William Forsyth, Dr. Garden, Joel Poinsette, and Andreas. Dahl is among the first to come to mind.
Was Forsyth as sunny a man as the cheerful yellow-flowered shrub bearing his name? Were Poinsette and de Bougainville as flamboyant as their namesakes?
Did Dr. Caspar Wistar regret the adaptation of his name that produced wisteria instead of wistaria to honor him?
Roses Named After Public Figures
Rose names alone are a fascinating field for investigation and speculation.
What a parade we would have if all the people could be assembled for whom roses have been named! Probably every profession and trade, every art and nationality would be represented.
Public figures from every land would pass before us — Francis Scott Key and General MacArthur, Amelia Earhart, Marechal Foch, Miss Edith Cavell, and Governor Alfred E. Smith. Can’t you see them?
Here come the glamor girls of the stage: Ellen Terry with Grade Fields, Sarah Bernhardt with Shirley Temple, Lily Pons and Dinah Shore, Rose Bampton, Greer Garson, and Rosalind Russell.
The writing profession could be led by Leonard Barron, Editor McFarland, Richardson Wright, and Pearl S. Buck. And the titled heads! They would range through countesses, dukes, earls, princesses, queens, and kings of every continent.
But perhaps most charming of all would be the debutantes of the rose growers’ own families, the bright-eyed daughters who have carried their proud fathers’ names from one generation of rose lovers to the next are the following:
- Alida
- Bess
- Mary Lovett
- Anne
- Karen
- Kirsten Poulsen
- Auguste
- Cathrine
- Minna Kordes
- Margaret McGredy
- Marie Guillot
- Angele Peraet
- Joanna Hill
- Betty Prior
- Dagmar Spath
- Charlotte Armstrong
- Dorothy Perkins
- Ema Grootendorst
- Lucy Nicholas
- Chaperoned by Maman Cochet and Mutter Brada
Whose Ami Was Quinard
But who were the many, many others whose names have been given to roses?

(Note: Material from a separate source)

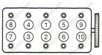 ∙ Отпустить все болты в последовательности обратной, указанной на рисунке.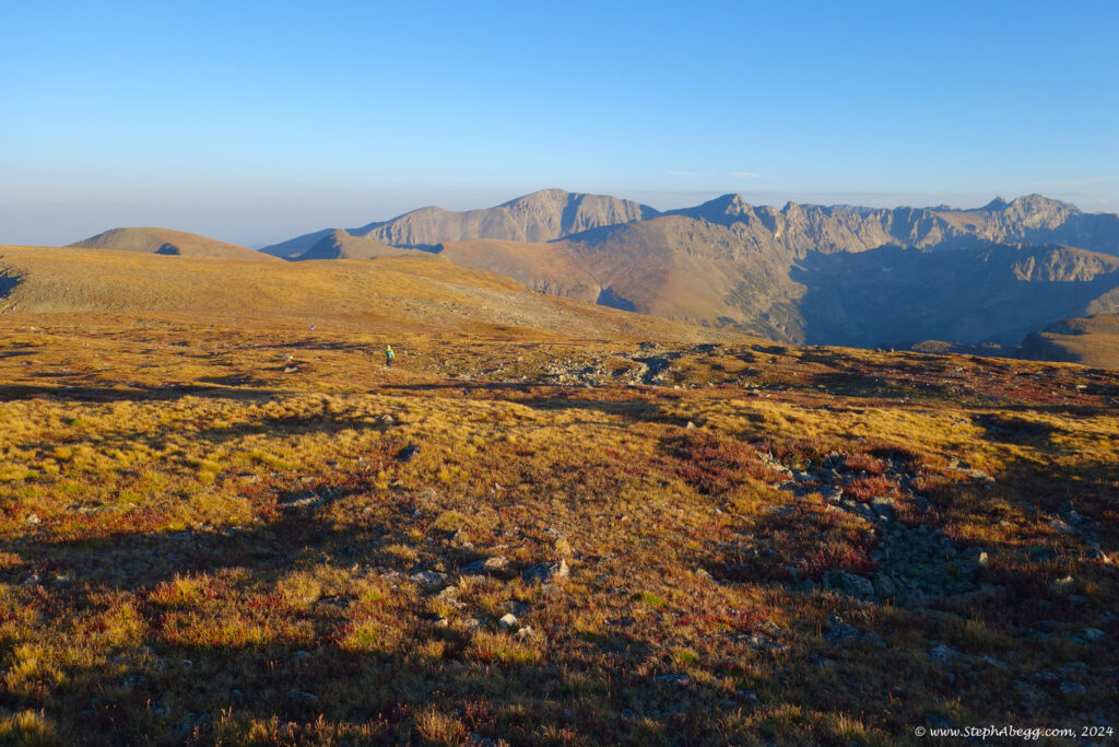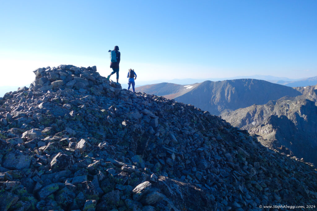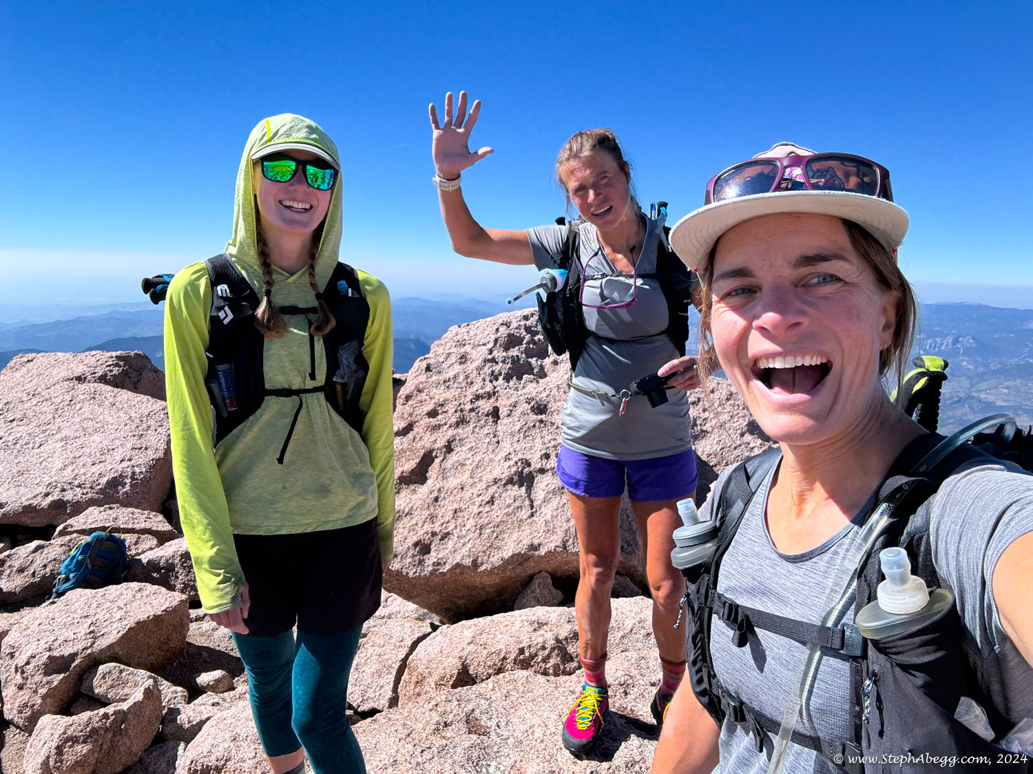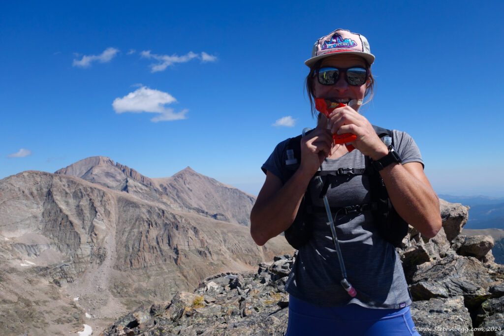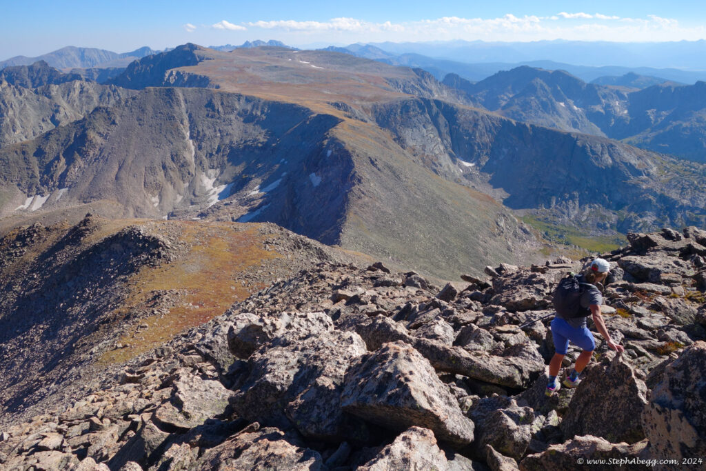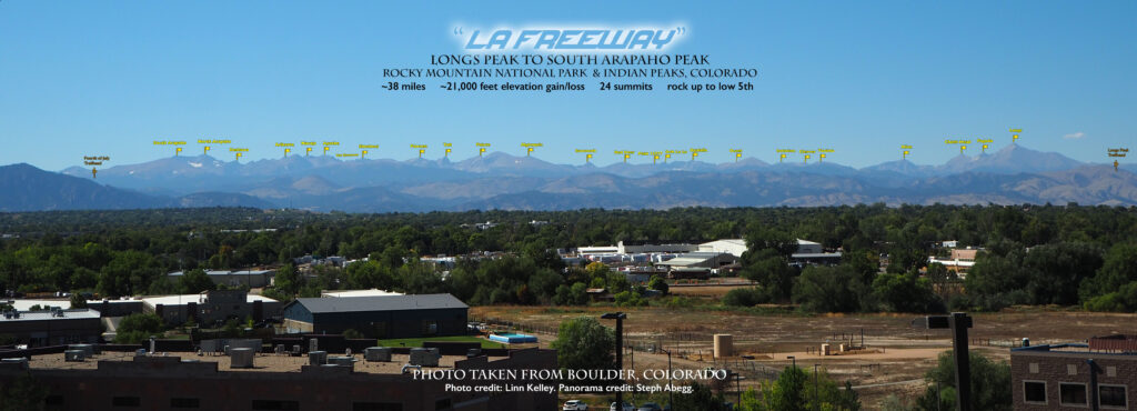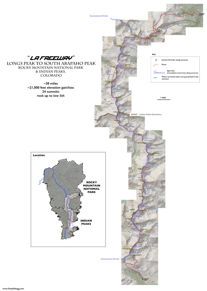 In August 2024, I did the "LA Freeway", a 38-mile ridge traverse from Longs Peak in RMNP to the Arapaho Peaks in the Indian Peaks (LA=Longs-Arapaho). Wanting to maximize my chances of success, I chose to bring bivy gear and spend one night out halfway along the traverse. Due to late summer conditions and plan to bivy, I stashed a couple of gallons of water on the route in advance. The entire adventure took me 39 hours and 45 minutes, breaking the previous self-supported female FKT by several hours. Doing something like this solo and executing with success was a special experience.

Who was D. Maria do Carmo de Fragoso Carmona? Who, for that matter, was Betty Uprichard? Whose Ami was Quinard?
Maid Marion and Queen Mab should strike up a friendship, but Annie Laurie might not take so well to Long John Silver.
Rose names aside, one can enjoy a field day in continent-hopping by skimming over a list of plant names!
Bombay sumbul, Mecca myrrh tree, Siam gamboge tree, Burma toon, and Sierra Leone copal tree set the tom-toms and temple bells ringing in one’s ears. Almost every state 1ms lent its name to some species of plant.
To imagine the circumstances under which each species was discovered and classified and the uses to which it has since been put would be a task indeed.
A Witch’s Bouquet
Is there a dark corner of your soul that shows itself only in the dead of a dreary night? Then perhaps in your garden of memories, you will want to plant some black henbane, Java devil pepper, and Gargan death carrot, bordered by bushman’s poison and bitter nightshade.
They should make a nice witches’ bouquet.
And for comedy relief, you might point out your guinea peach fathead tree, your cablin’ patchouli, your wooly bucket bumelia, your gumbo limbo, your fish fuddle tree, or your risky tread softly.
“What’s in a name?” There’s a great deal in a plant name — romance and history, adventure and imagination. The name itself is part of our priceless heritage in the world of plants.